I found the little solar/crank type radios can't keep a smartphone charging with the tiny solar panel, and I don't feel like cranking for every so I use a lithium-ion charger.  (it's important to use a li-ion charger, not a regular one as the good ones have charging circuits made for these types of batteries)  I use this one: http://www.sbflashlights.com/Xtar-Lights/Xtar-WP2-II-Li-Ion-Charger-p136.html

So basically I have a stash of "retired" batteries that still hold a good charge months later, ready for action, and my batteries are free:





I use them to keep my smartphone and ipad charged (mostly for entertainment I admit) during power outages, but they work well for any small electronics:


----------



## jharkin (Sep 4, 2013)

woodgeek said:


> For a couple hundred bucks you can get a 40-60W panel, a deep discharge battery and a controller, and have ~1000 Wh of 12V (or 120V with a little inverter) whenever you want, e.g. during a short outage or when the genny is shut down.  Plenty for charging portable electronics, small batteries, etc.  I did this for fun, and run the 12V into the house to a phone 'charging station'.

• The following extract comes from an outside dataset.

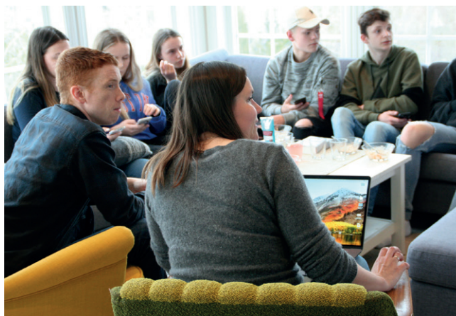
Konfirmantane er fordelt i grupper som møtes i ulike heimar i kyrkjelyden.

Woodgeek, do you have good sources for this stuff that cheap?  

Last year I was thinking of doing the same as a "for fun project" (for me would also do duty as a field power station for my RC hobby) but I found it hard to find quality panels around 50w for much under $200... i.e. not the harbor freight variety...  Pricing out a system and using the 1W per Ah rule of thumb using a typical group 27 deep cycle battery of about 100Ah and a 100w panel plus an inexpensive charge controller like a SunSaver I was looking at over $500 and dropped the idea (prices from Arizona Wind-Sun).


----------



## woodgeek (Sep 4, 2013)

I went with e-bay.  Got no name (chinese) panels, prices have been ~$2/W with free shipping, if you search around for a while.

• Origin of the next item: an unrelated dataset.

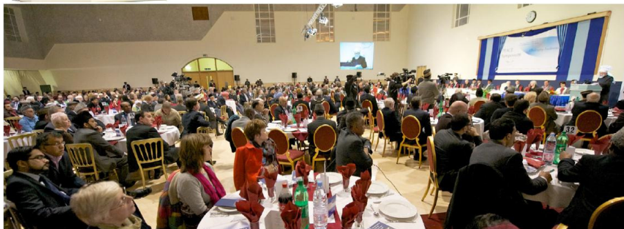
SIMPOSIO SOBRE LA PAZ. AÑO 2010

Se plantea la siguiente pregunta: Si estos Maestros eran todos de Dios ¿por qué diferían tanto en cuanto a sus enseñanzas? ¿Acaso Dios enseñaría principios distintos en épocas distintas? Incluso los mortales intentamos ser consecuentes y enseñar los mismos principios en épocas distintas. La respuesta a esta pregunta es que mientras las condiciones se mantengan iguales, sería absurdo dar instrucciones distintas. Pero cuando cambian las condiciones, la variación de la enseñanza representa la esencia de la sabiduría. En tiempos del Profeta Adán, parece que los hombres vivían juntos en una parte del mundo; por lo tanto, les bastaba una sola enseñanza. Es posible que incluso hasta los tiempos de Noé continuaran viviendo juntos de esta manera. Según la Biblia, las tribus humanas continuaron viviendo juntas en una sola parte del mundo hasta la época babilónica. La Biblia no es un libro de historia; pero existen pruebas que confirman la versión bíblica.

Sellers change often, a current example is:

http://www.ebay.com/itm/30W-30-Watt...560?pt=LH_DefaultDomain_0&hash=item3f22d4c6f8

I got a 20W first, and then decided to upgrade to a 50W. (not the same brand as the link, but same idea).  Keep in mind that with a cheap controller and cycle losses in a the battery, your real power will be 50-60% of panel nominal.

Prices on small panels elsewhere (NAWS, Amazon, etc) are terrible!  Fool and their money I guess.  The ebay cheapies have all been flawless, ziptied to my gutters for years.  Wouldn't put 50 of them on my roof, but for a fun project, perfect.


----------



## Jaugust124 (Sep 16, 2013)

Highly recommend the C. Crane Solar Observer.  Hand crank, battery powered, solar powered, even electric with optional ac adapter. Has NOAA weather channels, a built in flashlight, and will charge some phones.  Costs about $50.

http://www.ccrane.com/radios/wind-u...rver-wind-up-emergency-radio.aspx#prodDetails


----------



## Hearth Mistress (Sep 16, 2013)

This is "low tech" but if you have a kid around to crank so you don't have to, it's cheap and serves it purpose.  We relied on a few after Sandy and the gas for the generators ran out, we couldn't get out to get more and ran out of cars to siphon. The flashlight was surprisingly bright, blinding bright. Granted we don't have kids so we had to crank, it takes awhile but works, it really works.

It did charge my blackberry but it takes a lot of cranking to get enough juice to charge.  Still better than nothing and you are not relying on gas, batteries or anything else, just your ability to crank the sucker.

They have one on sale for $6 but it won't charge a smart phone, the smart phone on comes with the adapter to use your car charger in it, worth every penny of the $17 to me 

http://beprepared.com/wavelength-emergency-radio-charger-flashlight.html


----------